### [Dataset excerpt]
-=-=-=-=-

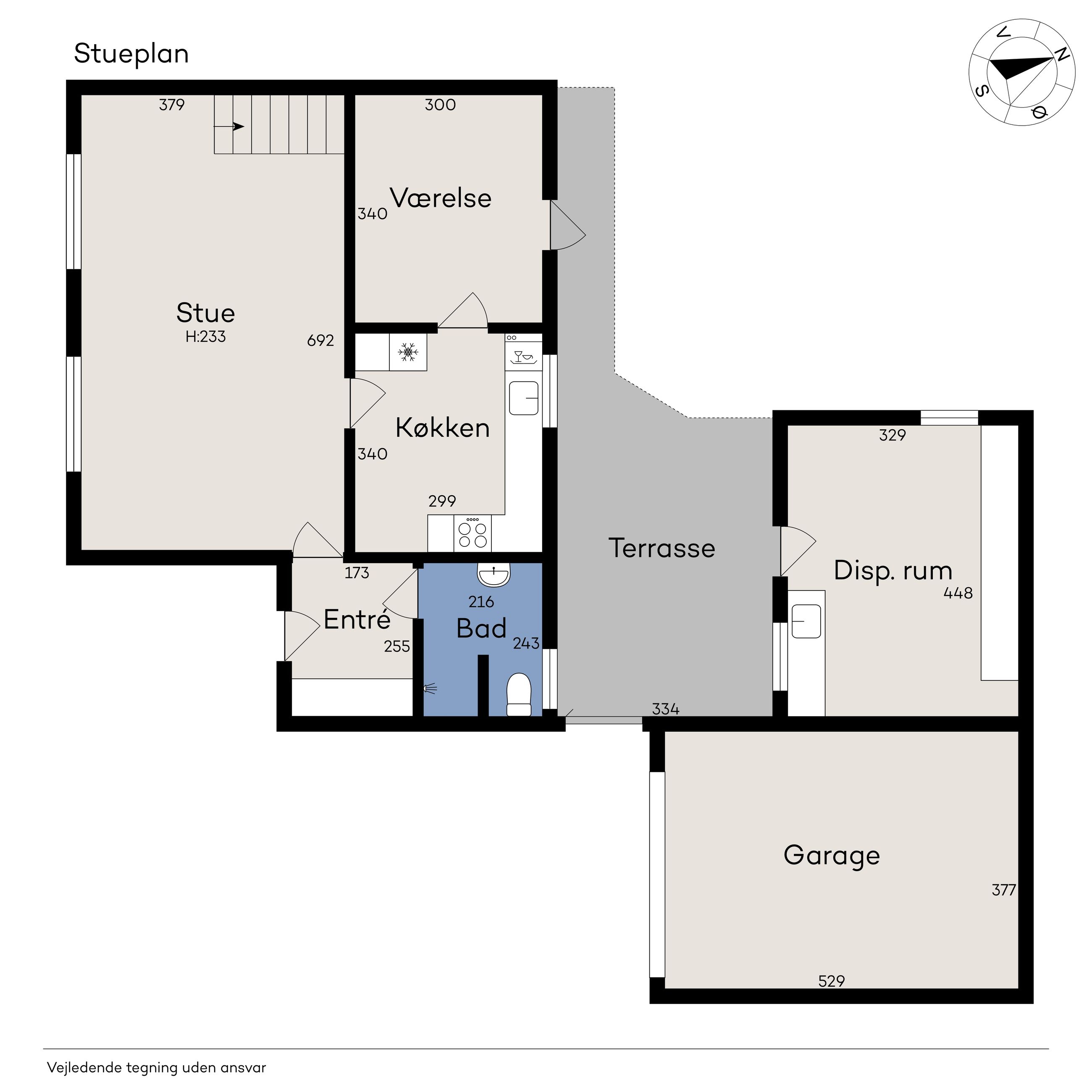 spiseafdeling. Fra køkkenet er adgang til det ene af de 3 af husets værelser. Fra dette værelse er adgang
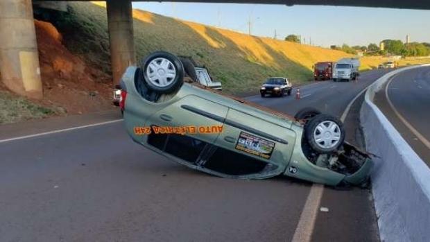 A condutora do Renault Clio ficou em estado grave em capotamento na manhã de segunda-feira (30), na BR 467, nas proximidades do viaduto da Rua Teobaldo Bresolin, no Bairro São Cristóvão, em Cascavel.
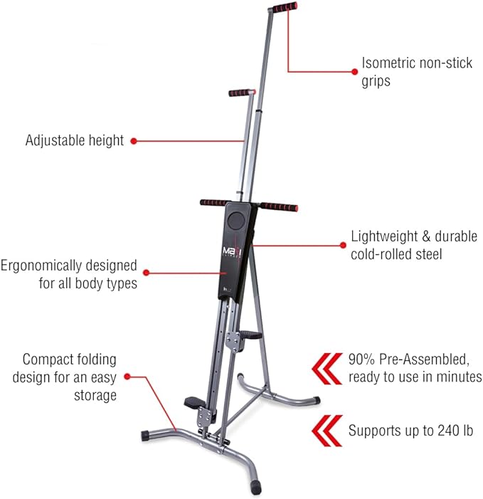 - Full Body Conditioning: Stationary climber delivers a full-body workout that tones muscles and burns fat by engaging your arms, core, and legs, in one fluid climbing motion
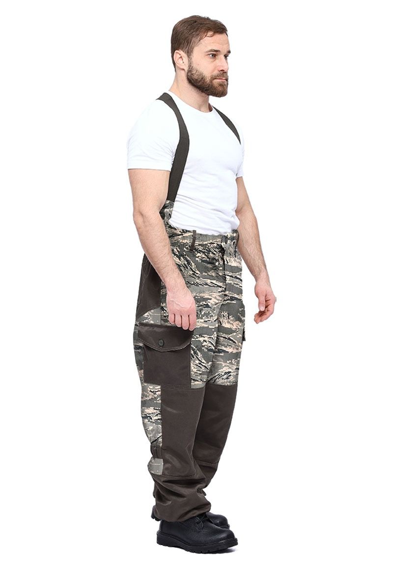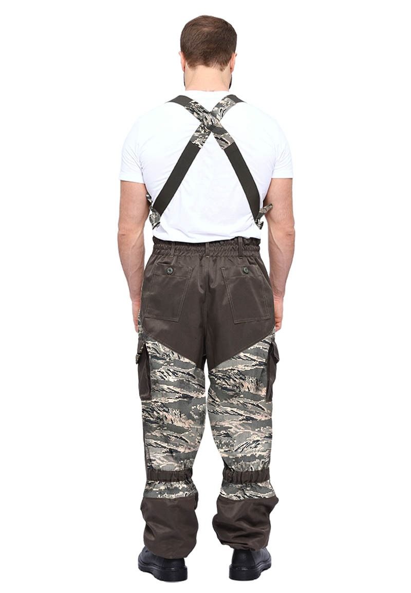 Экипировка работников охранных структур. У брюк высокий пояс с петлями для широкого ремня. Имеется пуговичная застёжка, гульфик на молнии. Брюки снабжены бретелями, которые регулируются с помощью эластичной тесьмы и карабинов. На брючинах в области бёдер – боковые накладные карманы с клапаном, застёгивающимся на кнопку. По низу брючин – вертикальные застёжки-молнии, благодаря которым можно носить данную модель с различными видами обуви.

-=-=-=-=-

### [What is being asked]
Produce the material above again in full, with identical lines and no pictures.

### [Task response]
 spiseafdeling. Fra køkkenet er adgang til det ene af de 3 af husets værelser. Fra dette værelse er adgang
 A condutora do Renault Clio ficou em estado grave em capotamento na manhã de segunda-feira (30), na BR 467, nas proximidades do viaduto da Rua Teobaldo Bresolin, no Bairro São Cristóvão, em Cascavel.
 - Full Body Conditioning: Stationary climber delivers a full-body workout that tones muscles and burns fat by engaging your arms, core, and legs, in one fluid climbing motion
 Экипировка работников охранных структур. У брюк высокий пояс с петлями для широкого ремня. Имеется пуговичная застёжка, гульфик на молнии. Брюки снабжены бретелями, которые регулируются с помощью эластичной тесьмы и карабинов. На брючинах в области бёдер – боковые накладные карманы с клапаном, застёгивающимся на кнопку. По низу брючин – вертикальные застёжки-молнии, благодаря которым можно носить данную модель с различными видами обуви.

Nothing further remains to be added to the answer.